StreamMDX Perf Quality Changelog

This log tracks perf harness snapshots used to make scheduling decisions. Values are p95 unless noted. Paths point to local tmp/ outputs.

2026-01-16 Baseline refresh (naive-bayes + table-large)

Baselines compared:

  • Base:
  • tmp/perf-baselines/naive-bayes-S1_slow_small-2026-01-16T01-23-40-289Z
  • tmp/perf-baselines/naive-bayes-S2_typical-2026-01-16T01-31-45-659Z
  • tmp/perf-baselines/naive-bayes-S4_chunky_network-2026-01-16T01-33-19-667Z
  • tmp/perf-baselines/table-large-S2_typical-2026-01-16T01-34-13-489Z
  • tmp/perf-baselines/table-large-S6_extreme-2026-01-16T01-34-28-484Z
  • Candidate:
  • tmp/perf-baselines/naive-bayes-S1_slow_small-2026-01-16T06-11-35-608Z
  • tmp/perf-baselines/naive-bayes-S2_typical-2026-01-16T06-19-37-644Z
  • tmp/perf-baselines/naive-bayes-S4_chunky_network-2026-01-16T06-21-10-866Z
  • tmp/perf-baselines/table-large-S2_typical-2026-01-16T06-22-16-932Z
  • tmp/perf-baselines/table-large-S6_extreme-2026-01-16T06-22-29-600Z

Summary (p95, base -> candidate):

  • S1_slow_small: duration 113694.70 -> 113677.80 (-0.0%), first flush 373.20 -> 376.10 (+0.8%), longtask 74.00 -> 97.00 (+31.1%), raf delta 16.80 -> 16.80, memory peak 87.45 -> 110.63 (+26.5%).
  • S2_typical: duration 18982.50 -> 18982.60 (0.0%), first flush 258.40 -> 300.20 (+16.2%), longtask n/a -> 64.00, raf delta 16.80 -> 16.80, memory peak 87.45 -> 110.63 (+26.5%).
  • S4_chunky_network: duration 4750.10 -> 4766.30 (+0.3%), first flush 293.00 -> 222.40 (-24.1%), longtask 58.00 -> 75.00 (+29.3%), raf delta 16.80 -> 16.80, memory peak 87.45 -> 110.63 (+26.5%).
  • table-large S2_typical: duration 633.10 -> 633.20 (0.0%), first flush 217.20 -> 225.50 (+3.8%), raf delta 16.80 -> 16.80, memory peak 87.45 -> 110.63 (+26.5%).
  • table-large S6_extreme: duration 66.60 -> 66.50 (-0.2%), raf delta 16.70 -> 16.80 (+0.6%).

Notes:

  • All guardrails were within bounds; S2 first flush regressed +16.2% but stayed below thresholds.
  • Longtask p95 is newly reported for S2 (base was n/a); treat as new visibility rather than a regression.
  • Profiler run (LOCAL_BENCHMARKS): naive-bayes/S2_typical 2026-01-16T06-23-05-474Z actual p95 8.70 ms, base p95 128.40 ms.

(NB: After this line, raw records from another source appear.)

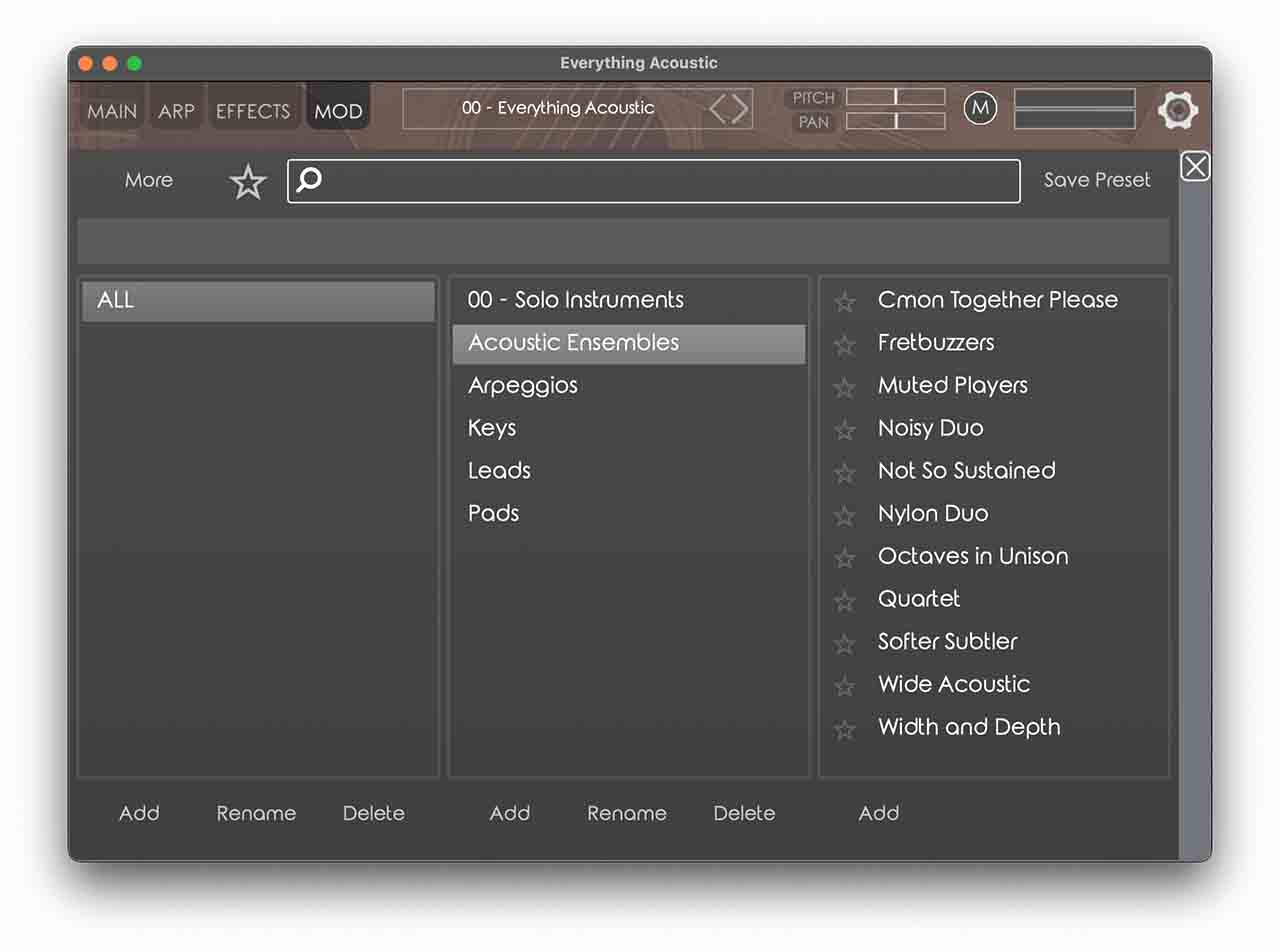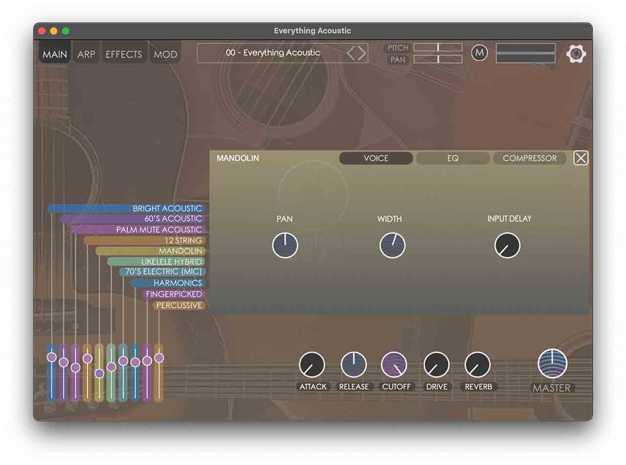 Everything Acousticは、10種類のユニークなアコースティック楽器を束ねて、指板全体に細心の注意を払って録音したものです。
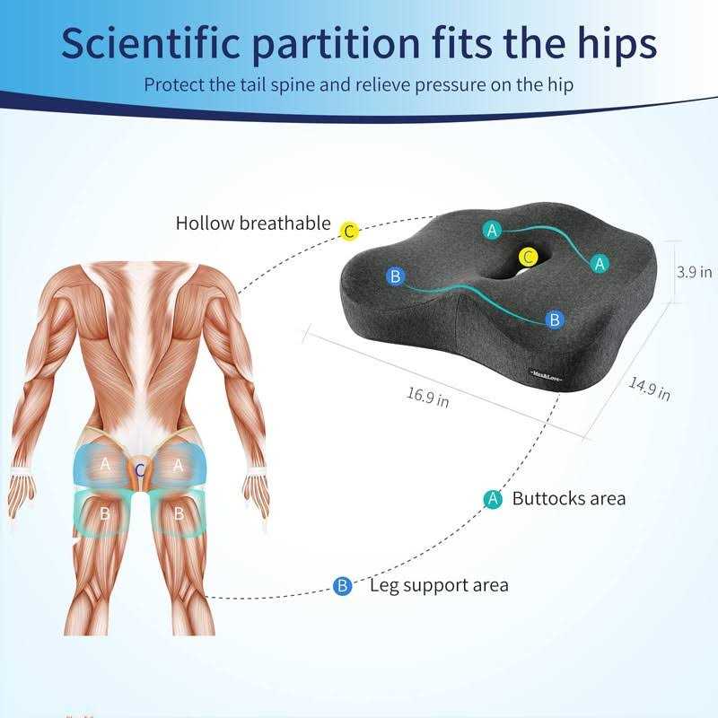 Max&Love Memory Foam Seat Chair Cushion for Relieves Back Sciatica Pain Tailbone Pain Coccyx Degenerating Disc Orthopedic Osteoarthritis Prostate
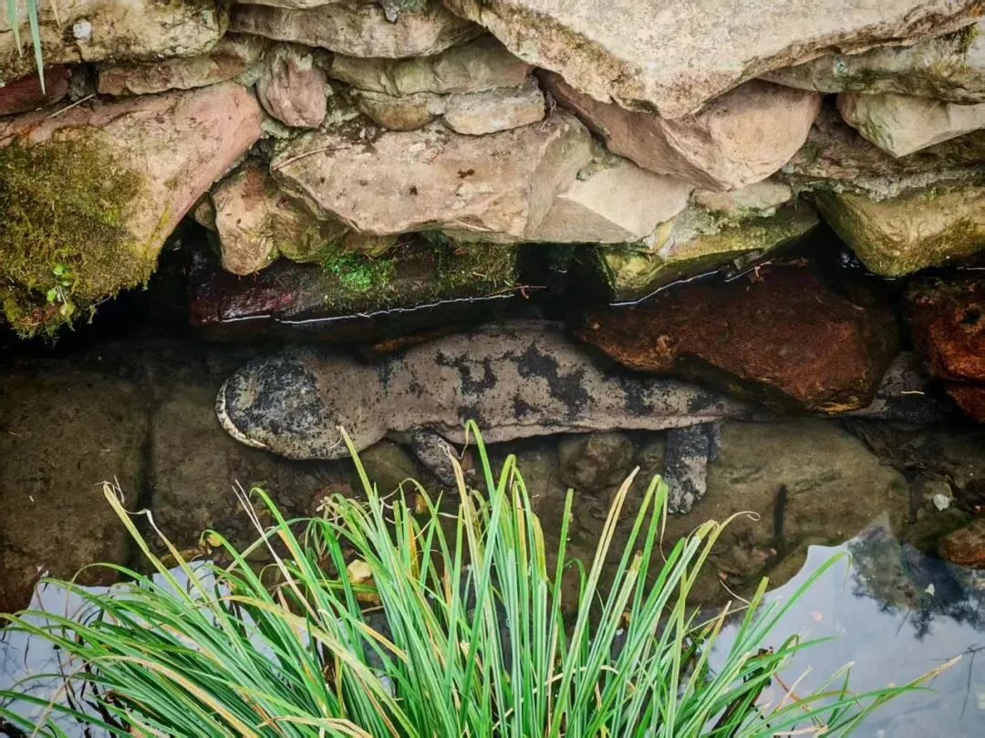顺着水流往后面走,近处是溪流,远处是山脉,感觉走得很惬意。在一条河边还看到了野生的娃娃鱼,一开始趴着一动不动,后来不知道是不是人多了给个面子,稍微动了下尾巴。

2026-01-13 Long-task filtering to stream window

Change:

  • Long-task stats now only consider tasks occurring between runStart and runEnd.
  • This removes page-load noise from perf results and makes stutter attribution more accurate.

Baselines refreshed from:

  • tmp/perf-runs/naive-bayes-S2_typical-2026-01-13T02-40-09-035Z
  • tmp/perf-runs/naive-bayes-S3_fast_reasonable-2026-01-13T02-39-22-647Z

2026-01-09 Aggressive default scheduling

Baseline:

  • tmp/perf-baselines/S2_typical
  • tmp/perf-baselines/S3_fast_reasonable

Candidate (aggressive default):

  • tmp/perf-runs/naive-bayes-S2_typical-2026-01-09T20-33-31-324Z
  • tmp/perf-runs/naive-bayes-S3_fast_reasonable-2026-01-09T20-35-43-534Z

S2_typical vs baseline:

  • duration p95: 19065.10 ms -> 18982.60 ms (-0.4%)
  • first flush p95: 422.30 ms -> 239.30 ms (-43.3%)
  • longtask p95 (run p95s): 597.00 ms -> 404.00 ms (-32.3%)
  • raf delta p95 (run p95s): 16.80 ms -> 16.80 ms (0.0%)
  • memory peak p95: 87.45 MB -> 87.45 MB (0.0%)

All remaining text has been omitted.